Sir Edward Blackett, 2nd Baronet (25 October 1649 – 23 April 1718) was an English landowner and politician who sat in the House of Commons at various times between 1689 and 1701.

==Early life==
Blackett was the eldest surviving son of William Blackett and his wife Elizabeth Kirkley. His father was a merchant of Newcastle and owned extensive property including coal mines. Blackett became a member of the Merchant Adventurers' company of Newcastle-upon-Tyne in 1672. He married an heiress in 1674 and at some time after he acquired the estate of Newby Park at Ripon, Yorkshire.

==Career==
He was a J.P. for Northumberland and the North Riding of Yorkshire from 1677 and J.P, for Ripon from 1679. From 1679 to 1680, he was High Sheriff of Northumberland which was during the Popish Plot and he was active in levying fines on recusants. However he was probably an opponent of exclusion, because he stayed on the commissions of the peace in 1680. He succeeded to the baronetcy on the death of his father in 1680. In 1684 he became a member of the Hostmen of Newcastle-upon-Tyne. As a J.P. in the North Riding he responded to the questions on the Test Act and Penal Laws in February 1688 but he was removed from the commission of peace later in the year 1688. He became freeman of Ripon in September 1688 and was re-appointed J.P. for Northumberland and the North Riding in 1689. He also became commissioner for assessment for Yorkshire West and North Riding and Northumberland.

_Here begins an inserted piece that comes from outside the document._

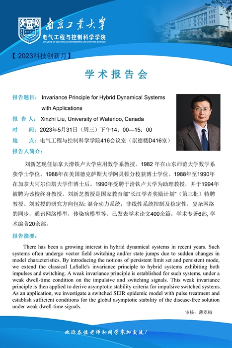 报告人简介:刘新芝教授现任加拿大滑铁卢大学应用数学系教授。1982年在山东师范大学数学系获学士学位。1988年在美国德克萨斯大学阿灵顿分校获博士学位。1988年至1990年在加拿大阿尔伯塔大学作博士后。1990年受聘于滑铁卢大学为助理教授,并于1994年被聘为该校终身教授。刘教授的研究方向包括:混合动力系统,非线性系统控制及稳定性,复杂网络的同步,通讯网络模型,传染病模型等。已发表学术论文400余篇,学术专著6部,学术编著20余部。

Also in 1689, Blackett was elected Member of Parliament for Ripon for a year from 1689 to 1690.

He demolished the old house on the Newby estate and in 1695 with the assistance of Sir Christopher Wren began building Newby Hall at a cost of £32,000, which remained the family seat until 1748.

He was elected MP for Northumberland in 1698 and sat until 1700.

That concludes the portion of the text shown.